Ricordo ancora quando mi svegliavo nel cuore della notte urlando, sveglio e felice di essere scappato dalle grinfie di qualche deforme mostro alieno che solo la mente geniale di Lovecraft può descrivere. Quell’urlo era colmo di terrore, spaventoso. Eppure mi manca.
La mia mente sta già iniziando a proteggersi, ricreando rumori immaginari. Uno stupido tentativo di ricreare una realtà ormai morta e sepolta. Io cerco di fermarla, di impedirgli di compiere una simile sciocchezza, per non perdere almeno il senso della realtà, per quanto essa sia crudele.
-.-. --- … .- … - .- … ..- -.-. -.-. . -.. . -. -.. --- --.- ..- .. ..--..
La mia bocca è impastata ed ho un bisogno assoluto di bere. La paura di fare le cose sta lentamente abbandonando il mio corpo. Questo non vuol dire che io ora sia tranquillo, solo che sono chiuso qui dentro da tre giorni e ancora non è successo nulla. O quasi.
Ho deciso di fare un altro giro per la casa, stavolta più accurato. E’ possibile che ci sia un modo per uscire o qualche cosa lasciata qui da un eventuale visitatore precedente. Terrò sempre gli occhi aperti.
Le stanze si presentano tutte arredate in maniera elegante e raffinata. Ci sono quadri appesi ovunque, rappresentanti scene varie, che vanno dalla tipica natura morta, alla battuta di caccia, fino ai ritratti.
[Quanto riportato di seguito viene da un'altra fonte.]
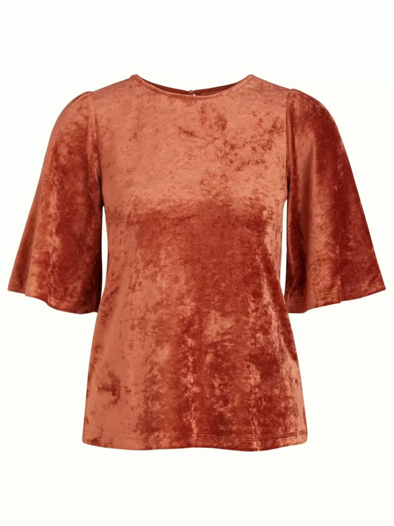 Top Met Losse FitKorte MouwenRonde HalsKeyhole Knoopsluiting Jersey VelvetComfort Stretch
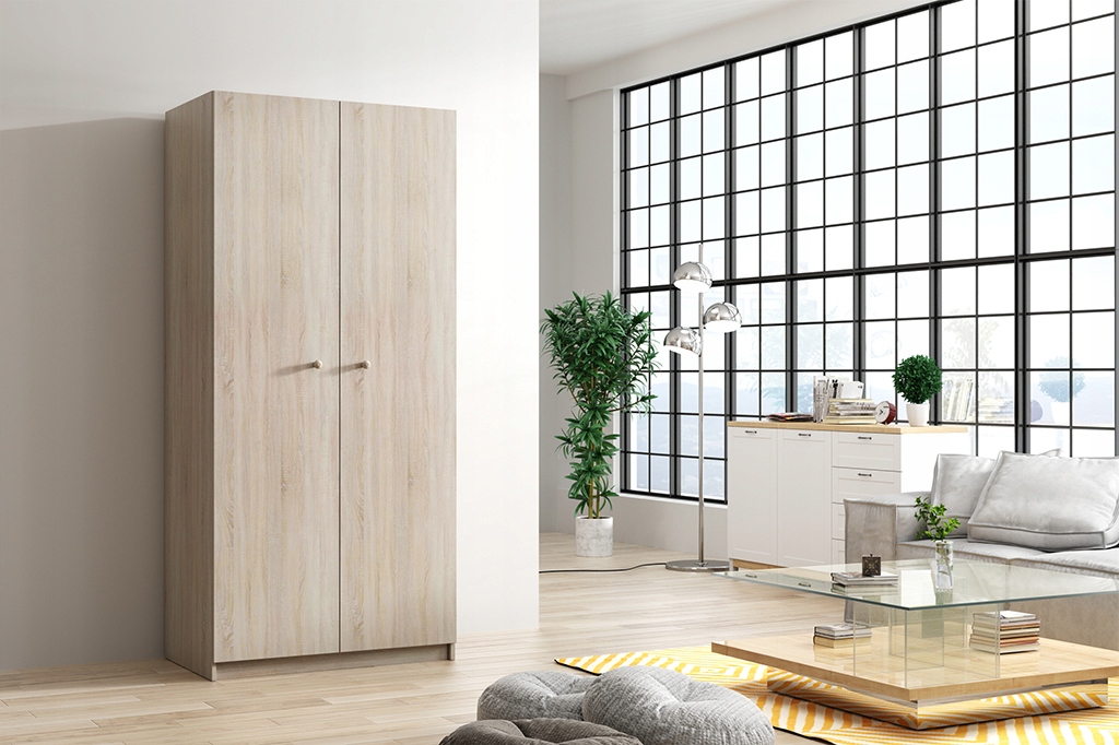 Szafa MALMO w stonowanej kolorystyce to idealne rozwiązanie dla osób ceniących prostotę i wygodę. Szafa otwierana nadaje się do garderoby lub sypialni. Meble wykonane z wysokiej jakości materiałów. Wnętrze szafy wyposażone jest w pięć półek oraz drążek co zapewnia wysoki komfort użytkowania.
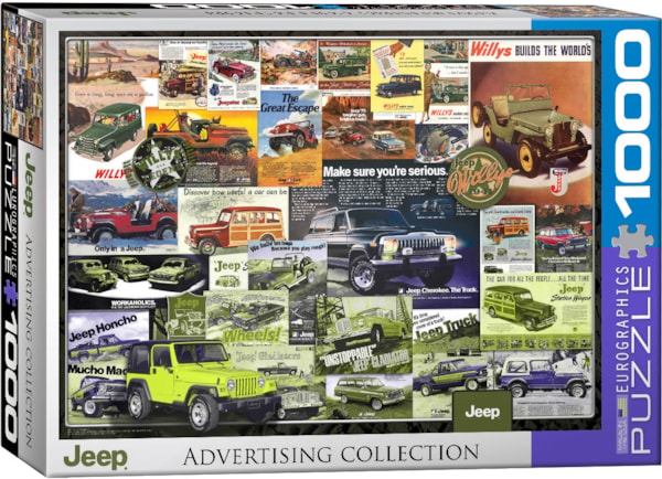 EuroGraphics Jeep Advertising Collection 1000-Piece Puzzle- Box size: 10" x 14" x 2.37". Finished Puzzle Size: 19.25" x 26.5".

Ho guardato dietro ad ognuno di essi, alla ricerca di un intagliatura nella cornice, un foglietto di carta o qualsiasi altra cosa.
Nulla. Niente di niente.
Ho esaminato anche ogni cassetto, ho sfogliato ogni libro presente in soggiorno. Non uno straccio di niente. Comincio a pensare che il primo ad avere avuto la sfortuna di mettere piede qui dentro sia io.
La fatica di cercare dappertutto mi ha fatto venire fame. L’idea di aprire il frigo non mi piace molto, non dopo quello che ho visto nell’incubo, ma devo farlo. D'altronde era solo un brutto sogno.
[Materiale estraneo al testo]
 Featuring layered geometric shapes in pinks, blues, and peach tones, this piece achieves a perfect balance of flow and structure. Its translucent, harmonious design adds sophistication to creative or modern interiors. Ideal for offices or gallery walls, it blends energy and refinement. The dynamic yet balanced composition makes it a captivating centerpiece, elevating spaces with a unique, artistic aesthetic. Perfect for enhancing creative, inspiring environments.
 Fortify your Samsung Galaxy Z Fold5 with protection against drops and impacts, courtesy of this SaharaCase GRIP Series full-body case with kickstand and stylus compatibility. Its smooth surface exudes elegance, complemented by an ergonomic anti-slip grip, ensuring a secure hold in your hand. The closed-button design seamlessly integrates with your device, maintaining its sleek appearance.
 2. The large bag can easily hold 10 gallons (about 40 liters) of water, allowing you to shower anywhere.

Ho tremato lo ammetto. Appena la plastica della maniglia del frigorifero è entrata in contatto con la mia mano ho avuto un brivido. Ma ho aperto lo stesso. La luce bianca dell’interno splendeva sulla scatola in maniera invitante. I miei occhi per un attimo vengono rapiti da quel gioco di luci e riflessi, come incantati da uno spettro maligno. Osservano la scatola, alla ricerca di un movimento, un battito, un qualcosa (qualunque cosa) che possa far maggiore chiarezza su quella scatola.
Immobile.
Forse dovrei aprirla. Forse all’interno non c’è altro che una torta con gli auguri di Richard Lancaster. Forse il fatto di averla vista vibrare è stato uno scherzo della mente, come per l’ombra.
Forse…
Ho preso altre mele e ho richiuso, prima che la curiosità mi spinga a fare qualcosa di cui pentirmi. Mi sento esattamente come Pandora.
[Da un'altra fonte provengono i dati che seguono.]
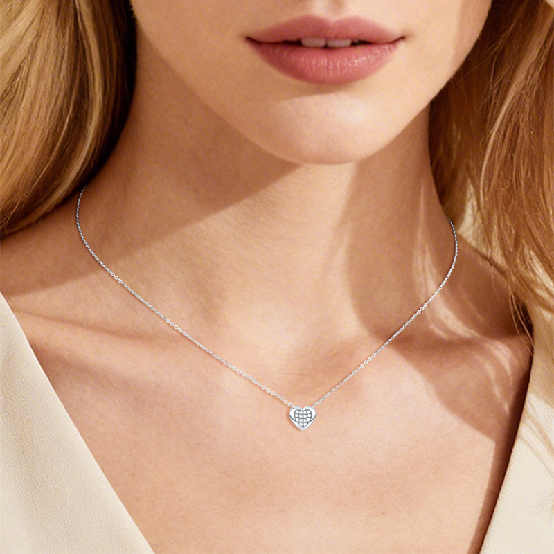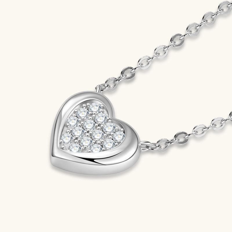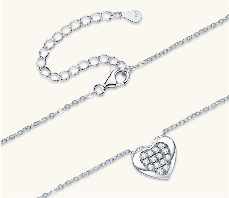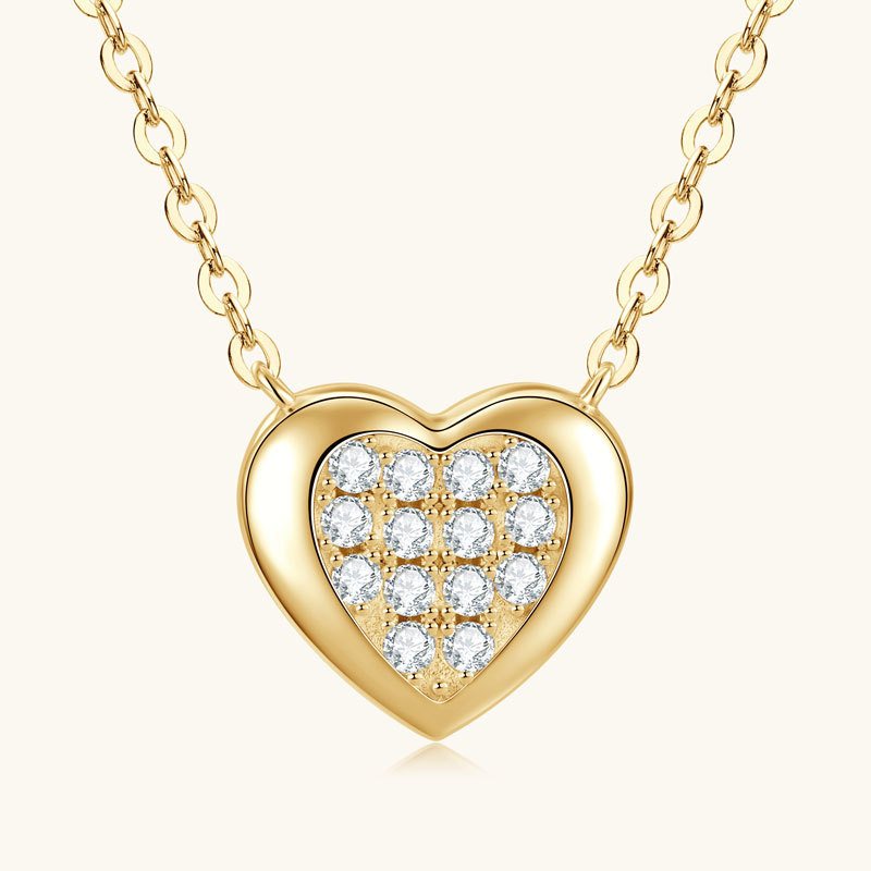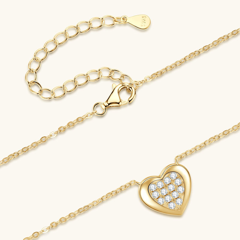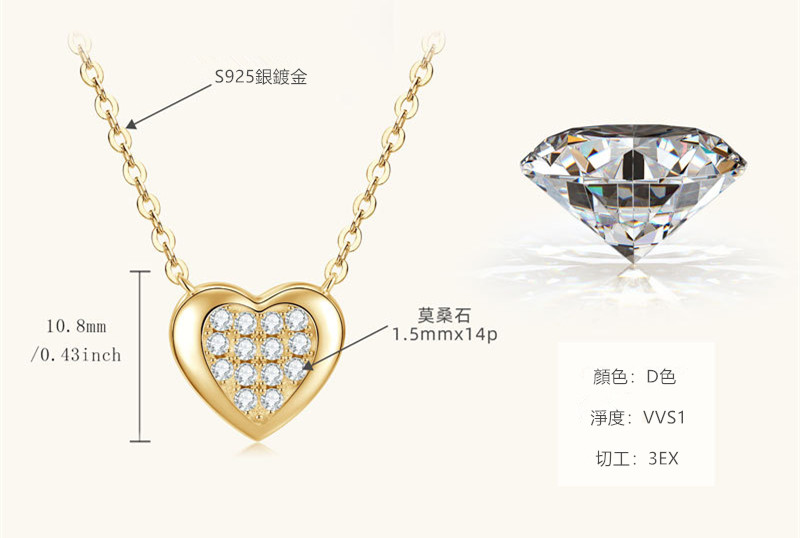 【莫桑鑽】金銀兩色滿鑽愛心鎖S925銀鍍金項鏈

Scrivo queste parole sui fogli bianchi, mentre la mia mente freme dalla voglia di aprire quella scatola. Quel comune ma misterioso oggetto si è impadronito della mia mente. L’ha sedotta e stregata. All’interno di me c’è una lotta tra la forza di volontà e la ragione. Una lotta pari, al momento. Non voglio cedere alla curiosità, perché troppo spesso porta a scoprire cose che sarebbe meglio lasciare nascoste. Come questa casa, per esempio. Solo la mia curiosità, la mia fottuta curiosità, mi ha spinto qui. E ora sono bloccato in questo posto malvagio, anche se apparentemente innocuo.
Un attimo. Ho appena sentito un rumore. Un rumore. E’ stato troppo reale per essere uno scherzo della mia mente. Ho sentito come…bussare. Forse qualcuno ha trovato la casa, forse da fuori possono aprire la porta. Devo fermarlo prima che entri. Scriverò su un foglio che ho bisogno d’aiuto, di provare ad aprire la porta dall’esterno ma di non entrare. Se dovesse entrare ci ritroveremmo entrambi chiusi qui dentro.